── STUDY MATERIAL ──

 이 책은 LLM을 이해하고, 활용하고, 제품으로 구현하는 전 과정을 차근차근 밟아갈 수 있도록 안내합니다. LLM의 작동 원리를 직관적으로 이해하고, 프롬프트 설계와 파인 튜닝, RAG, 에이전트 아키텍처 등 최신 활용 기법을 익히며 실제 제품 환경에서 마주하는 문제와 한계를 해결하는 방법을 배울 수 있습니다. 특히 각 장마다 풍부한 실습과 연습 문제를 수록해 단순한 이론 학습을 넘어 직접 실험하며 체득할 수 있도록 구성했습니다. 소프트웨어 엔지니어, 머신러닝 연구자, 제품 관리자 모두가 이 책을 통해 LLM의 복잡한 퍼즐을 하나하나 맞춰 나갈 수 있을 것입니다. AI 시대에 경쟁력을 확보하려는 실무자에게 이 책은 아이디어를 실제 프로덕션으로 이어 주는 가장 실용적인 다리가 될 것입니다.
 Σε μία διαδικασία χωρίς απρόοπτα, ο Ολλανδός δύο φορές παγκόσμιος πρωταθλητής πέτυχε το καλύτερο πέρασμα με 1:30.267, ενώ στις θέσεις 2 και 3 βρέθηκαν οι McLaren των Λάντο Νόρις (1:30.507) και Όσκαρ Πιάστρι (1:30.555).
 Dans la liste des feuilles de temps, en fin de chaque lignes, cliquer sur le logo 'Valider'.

───
── STUDY MATERIAL ──

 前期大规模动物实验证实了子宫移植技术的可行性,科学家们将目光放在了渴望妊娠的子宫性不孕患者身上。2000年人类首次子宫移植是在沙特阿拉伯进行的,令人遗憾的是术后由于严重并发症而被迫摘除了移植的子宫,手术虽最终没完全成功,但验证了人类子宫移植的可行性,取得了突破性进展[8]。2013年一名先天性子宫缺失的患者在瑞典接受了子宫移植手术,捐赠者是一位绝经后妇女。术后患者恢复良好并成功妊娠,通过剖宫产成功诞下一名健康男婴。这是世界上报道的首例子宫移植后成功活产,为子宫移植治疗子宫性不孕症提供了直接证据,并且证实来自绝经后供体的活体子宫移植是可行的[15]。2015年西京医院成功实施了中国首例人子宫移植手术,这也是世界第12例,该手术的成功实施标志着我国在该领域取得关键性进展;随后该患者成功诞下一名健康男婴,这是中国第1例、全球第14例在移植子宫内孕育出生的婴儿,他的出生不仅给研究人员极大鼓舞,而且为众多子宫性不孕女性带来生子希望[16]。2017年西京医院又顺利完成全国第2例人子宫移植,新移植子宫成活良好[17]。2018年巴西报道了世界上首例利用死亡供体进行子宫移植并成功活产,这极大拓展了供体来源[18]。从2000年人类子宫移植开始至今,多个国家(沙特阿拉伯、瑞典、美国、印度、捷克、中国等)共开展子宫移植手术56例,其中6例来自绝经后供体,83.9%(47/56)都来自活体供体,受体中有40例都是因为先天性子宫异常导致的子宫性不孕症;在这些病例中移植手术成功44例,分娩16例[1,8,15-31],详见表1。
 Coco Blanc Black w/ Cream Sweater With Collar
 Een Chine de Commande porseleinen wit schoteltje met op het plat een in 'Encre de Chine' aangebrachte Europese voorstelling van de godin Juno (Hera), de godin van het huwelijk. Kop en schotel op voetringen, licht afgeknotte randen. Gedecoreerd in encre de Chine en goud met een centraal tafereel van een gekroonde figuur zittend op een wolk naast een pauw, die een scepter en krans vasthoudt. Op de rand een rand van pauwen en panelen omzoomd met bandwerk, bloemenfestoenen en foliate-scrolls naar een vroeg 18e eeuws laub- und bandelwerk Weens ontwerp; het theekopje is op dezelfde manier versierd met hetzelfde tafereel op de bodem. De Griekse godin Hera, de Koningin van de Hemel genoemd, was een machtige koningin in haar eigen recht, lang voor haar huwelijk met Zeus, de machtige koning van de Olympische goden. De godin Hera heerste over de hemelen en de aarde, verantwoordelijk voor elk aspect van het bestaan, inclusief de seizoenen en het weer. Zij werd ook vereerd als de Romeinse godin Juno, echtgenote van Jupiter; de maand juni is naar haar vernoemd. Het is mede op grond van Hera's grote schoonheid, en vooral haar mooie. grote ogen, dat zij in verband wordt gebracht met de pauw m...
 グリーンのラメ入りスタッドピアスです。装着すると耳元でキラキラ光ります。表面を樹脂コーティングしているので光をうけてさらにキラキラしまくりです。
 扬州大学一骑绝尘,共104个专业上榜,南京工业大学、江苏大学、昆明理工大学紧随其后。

───
── STUDY MATERIAL ──

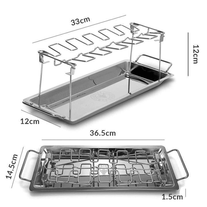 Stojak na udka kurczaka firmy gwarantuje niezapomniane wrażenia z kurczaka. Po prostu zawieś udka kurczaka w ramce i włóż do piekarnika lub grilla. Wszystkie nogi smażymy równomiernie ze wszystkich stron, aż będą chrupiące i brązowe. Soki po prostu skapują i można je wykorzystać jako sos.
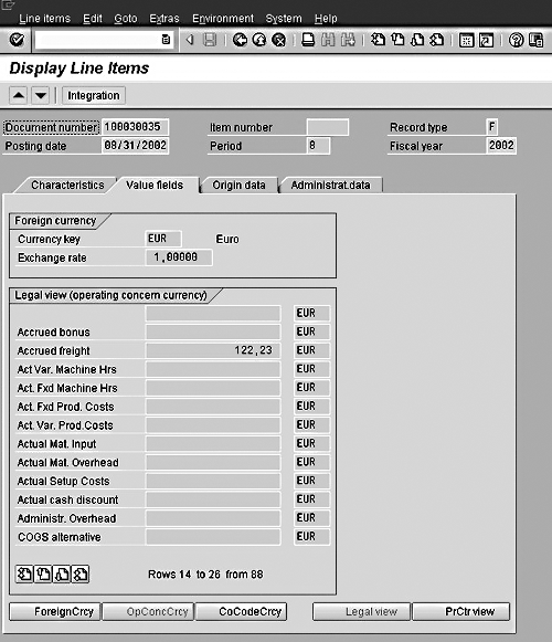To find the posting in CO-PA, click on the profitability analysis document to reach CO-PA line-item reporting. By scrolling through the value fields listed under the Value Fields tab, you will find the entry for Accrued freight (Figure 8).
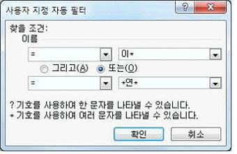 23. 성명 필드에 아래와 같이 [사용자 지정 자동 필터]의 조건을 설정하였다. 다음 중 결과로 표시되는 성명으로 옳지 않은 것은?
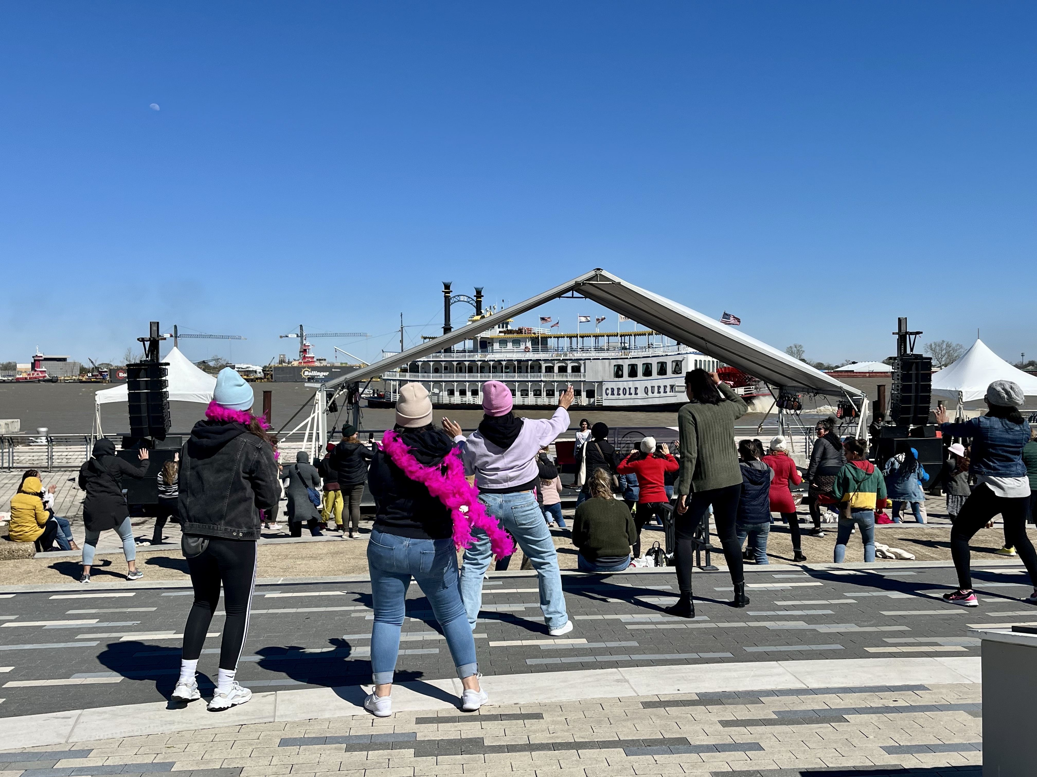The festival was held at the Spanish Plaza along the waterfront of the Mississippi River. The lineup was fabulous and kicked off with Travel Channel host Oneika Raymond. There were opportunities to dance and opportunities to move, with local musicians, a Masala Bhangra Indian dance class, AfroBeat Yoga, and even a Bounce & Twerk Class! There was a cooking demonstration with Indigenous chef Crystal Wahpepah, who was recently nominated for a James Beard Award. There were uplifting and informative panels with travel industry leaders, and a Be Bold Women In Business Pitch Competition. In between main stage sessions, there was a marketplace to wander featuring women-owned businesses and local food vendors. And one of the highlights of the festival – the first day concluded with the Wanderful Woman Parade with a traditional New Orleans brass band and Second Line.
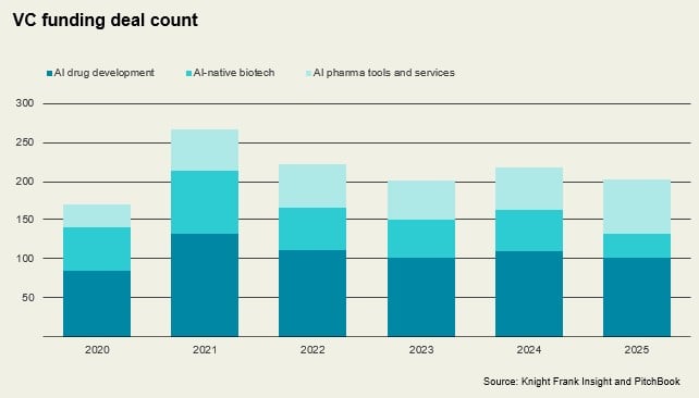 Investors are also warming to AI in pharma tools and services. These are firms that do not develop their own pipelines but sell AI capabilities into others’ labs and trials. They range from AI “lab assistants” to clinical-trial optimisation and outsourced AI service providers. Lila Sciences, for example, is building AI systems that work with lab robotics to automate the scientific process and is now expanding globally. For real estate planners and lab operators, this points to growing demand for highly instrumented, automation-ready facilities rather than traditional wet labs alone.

───

PROBLEM STATEMENT:
Your answer should consist only of the lines above between the line holding "前期大规模动物实验证实了子宫" and the line holding "Coco Blanc Black", inclusive, each transcribed exactly.

SOLUTION TO THIS TASK:
 前期大规模动物实验证实了子宫移植技术的可行性,科学家们将目光放在了渴望妊娠的子宫性不孕患者身上。2000年人类首次子宫移植是在沙特阿拉伯进行的,令人遗憾的是术后由于严重并发症而被迫摘除了移植的子宫,手术虽最终没完全成功,但验证了人类子宫移植的可行性,取得了突破性进展[8]。2013年一名先天性子宫缺失的患者在瑞典接受了子宫移植手术,捐赠者是一位绝经后妇女。术后患者恢复良好并成功妊娠,通过剖宫产成功诞下一名健康男婴。这是世界上报道的首例子宫移植后成功活产,为子宫移植治疗子宫性不孕症提供了直接证据,并且证实来自绝经后供体的活体子宫移植是可行的[15]。2015年西京医院成功实施了中国首例人子宫移植手术,这也是世界第12例,该手术的成功实施标志着我国在该领域取得关键性进展;随后该患者成功诞下一名健康男婴,这是中国第1例、全球第14例在移植子宫内孕育出生的婴儿,他的出生不仅给研究人员极大鼓舞,而且为众多子宫性不孕女性带来生子希望[16]。2017年西京医院又顺利完成全国第2例人子宫移植,新移植子宫成活良好[17]。2018年巴西报道了世界上首例利用死亡供体进行子宫移植并成功活产,这极大拓展了供体来源[18]。从2000年人类子宫移植开始至今,多个国家(沙特阿拉伯、瑞典、美国、印度、捷克、中国等)共开展子宫移植手术56例,其中6例来自绝经后供体,83.9%(47/56)都来自活体供体,受体中有40例都是因为先天性子宫异常导致的子宫性不孕症;在这些病例中移植手术成功44例,分娩16例[1,8,15-31],详见表1。
 Coco Blanc Black w/ Cream Sweater With Collar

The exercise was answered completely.